** Listed records follows **
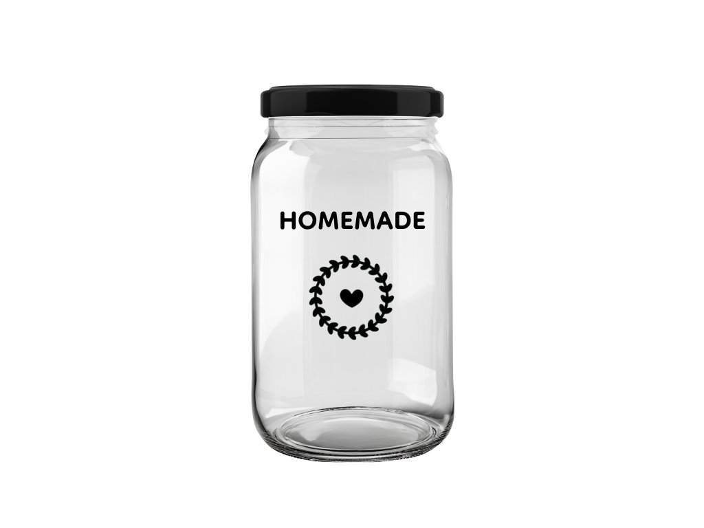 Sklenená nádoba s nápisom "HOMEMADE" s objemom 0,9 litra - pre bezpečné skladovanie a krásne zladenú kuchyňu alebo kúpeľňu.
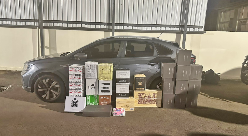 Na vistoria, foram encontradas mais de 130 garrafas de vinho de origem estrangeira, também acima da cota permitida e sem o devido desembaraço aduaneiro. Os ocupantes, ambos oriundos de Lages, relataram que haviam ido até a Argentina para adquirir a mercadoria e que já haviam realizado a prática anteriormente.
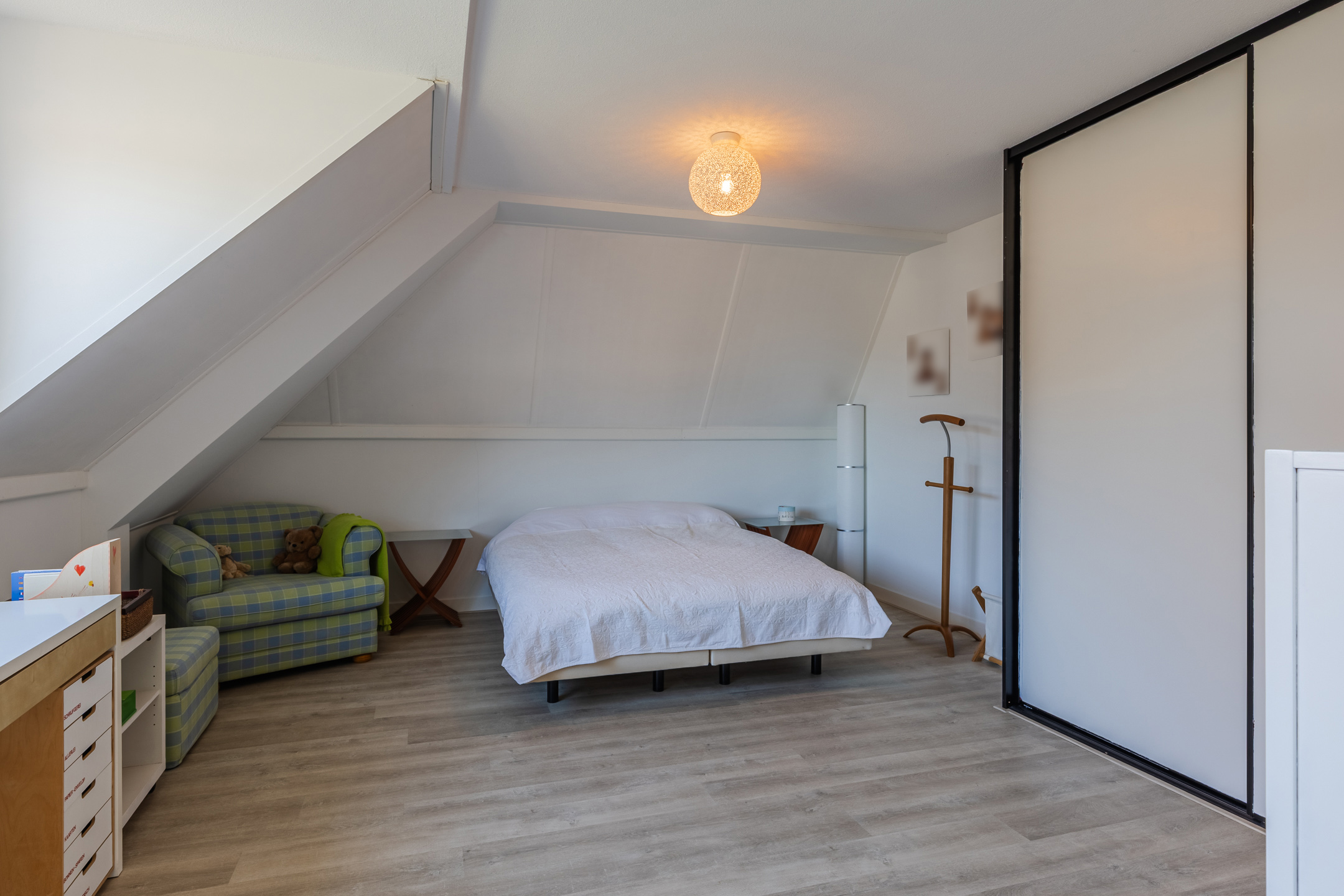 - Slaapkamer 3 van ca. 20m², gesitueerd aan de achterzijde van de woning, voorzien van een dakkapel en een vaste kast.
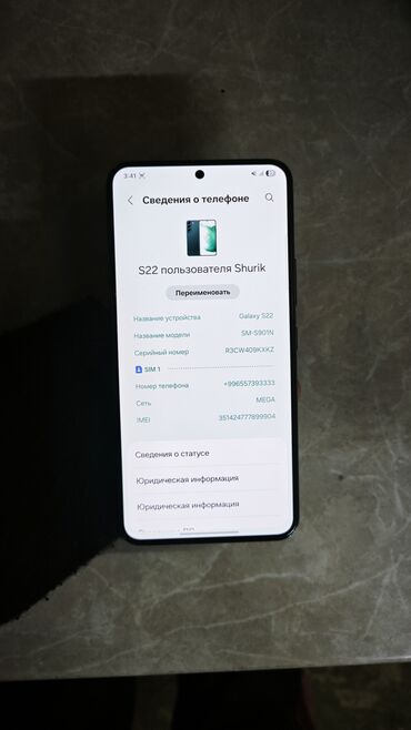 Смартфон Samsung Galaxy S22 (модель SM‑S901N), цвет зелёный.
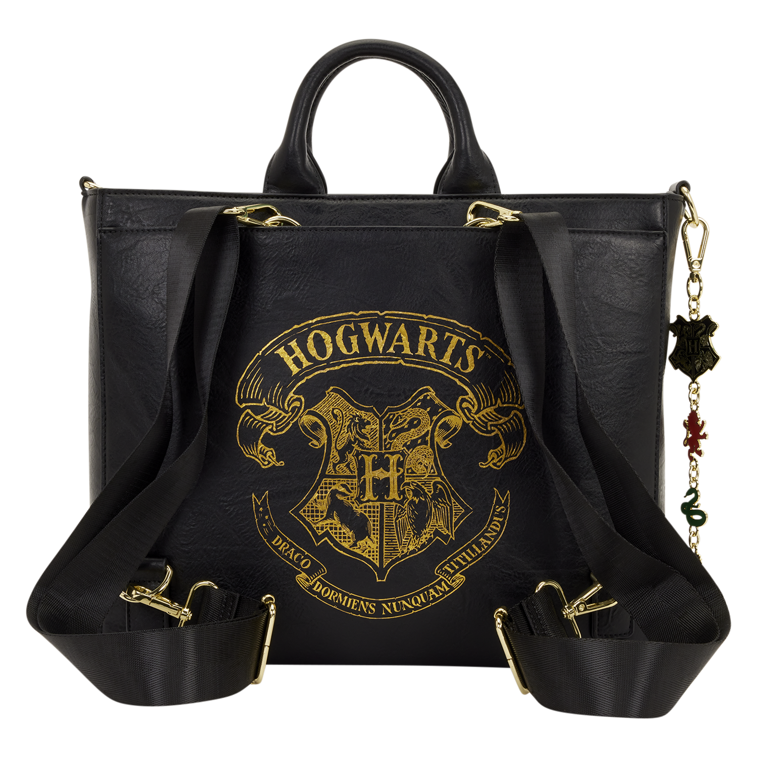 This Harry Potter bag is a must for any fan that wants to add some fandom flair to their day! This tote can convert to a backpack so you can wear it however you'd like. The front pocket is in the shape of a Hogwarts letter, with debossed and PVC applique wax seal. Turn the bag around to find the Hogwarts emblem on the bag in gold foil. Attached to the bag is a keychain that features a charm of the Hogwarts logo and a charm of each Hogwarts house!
** End of Listed records **
> Problem details: Reproduce the records exactly, images excluded.

> Exercise response:
 Sklenená nádoba s nápisom "HOMEMADE" s objemom 0,9 litra - pre bezpečné skladovanie a krásne zladenú kuchyňu alebo kúpeľňu.
 Na vistoria, foram encontradas mais de 130 garrafas de vinho de origem estrangeira, também acima da cota permitida e sem o devido desembaraço aduaneiro. Os ocupantes, ambos oriundos de Lages, relataram que haviam ido até a Argentina para adquirir a mercadoria e que já haviam realizado a prática anteriormente.
 - Slaapkamer 3 van ca. 20m², gesitueerd aan de achterzijde van de woning, voorzien van een dakkapel en een vaste kast.
 Смартфон Samsung Galaxy S22 (модель SM‑S901N), цвет зелёный.
 This Harry Potter bag is a must for any fan that wants to add some fandom flair to their day! This tote can convert to a backpack so you can wear it however you'd like. The front pocket is in the shape of a Hogwarts letter, with debossed and PVC applique wax seal. Turn the bag around to find the Hogwarts emblem on the bag in gold foil. Attached to the bag is a keychain that features a charm of the Hogwarts logo and a charm of each Hogwarts house!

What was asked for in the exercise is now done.